'In Bruges' Conspirators Colin Farrell And Martin McDonagh Reunite For 'Seven Psychopaths;' Rockwell, Walken & Rourke Along For The Ride
Let's get into character here: this f***ing news is better than spending a night with a manky Dutch whore and a shitload of horse tranquilizer. In Bruges writer/director Martin McDonagh has written and will direct a film called Seven Psychopaths, and Colin Farrell is starring. Your indie heroine Megan Ellison is financing, and today at Cannes the project added Sam Rockwell, Mickey Rourke and Christopher Walken. Those last two sentences are my favorite things I've written in days. If you feel about In Bruges the way some do, with Martin McDonagh writing and directing little questions like the plot of the film probably don't even matter. But if your curiosity gets the better of you, that info is after the break.
Variety announces that the film is about "a screenwriter (Farrell) struggling for inspiration for his script, "Seven Psychopaths," who gets drawn into the dog kidnapping schemes of his oddball friends (Rockwell and Walken). Things take a turn for the worse when a gangster's (Rourke) mutt goes missing."
Frankly with Martin McDonagh again directing Colin Farrell, I don't care what the movie is about. I don't care that Mickey Rourke appears to have sent his career right back into a tailspin. I have faith that, even if Rourke wants to take a dump on the set, McDonagh will be able to spin some gold out of it.

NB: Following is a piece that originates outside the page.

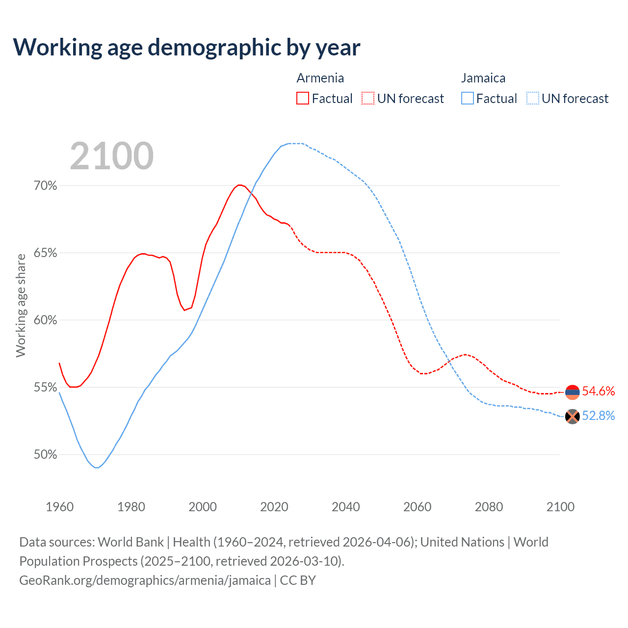 - Armenia has 2M working age adults (aged 15-64) vs 2.07M in Jamaica.

And I know that he'll get good work out of Sam Rockwell and Christopher Walken. (A Behanding in Spokane, Martin McDonagh's most recent play, ran on Broadway with Sam Rockwell and Christopher Walken in the cast. McDonagh didn't direct that, however.)
And as much as I appreciate the vulgar humor of his last film — In Bruges has some of the most absolutely quotable dirty dialogue in the last five years — it is the fact that the film was quite sad and even soulful in addition to being crazy and funny. There is a sheen of comedy and gangster violence, but it's the stuff underneath that gives the movie life. Another director wouldn't be able to break you with the scene between Colin Farrell and Brendan Gleeson in the park in Bruges, but Martin McDonagh nailed it. I don't know if that blend of tone and depth is what he's aiming for with this second film, but my hopes are up.
This isn't even a new project. If you read interviews around the time of In Bruges, you might remember that Martin McDonagh said things like this:
I've got a couple of film scripts that are ready to go. I'm not going to do anything with them for a couple of years, until I've traveled and had some fun. But there's one called Seven Psychopaths; if I do another film, that'll be it.
Here we are, three years later, and it is happening. A man of his word. I like that. And, obviously, I love this news.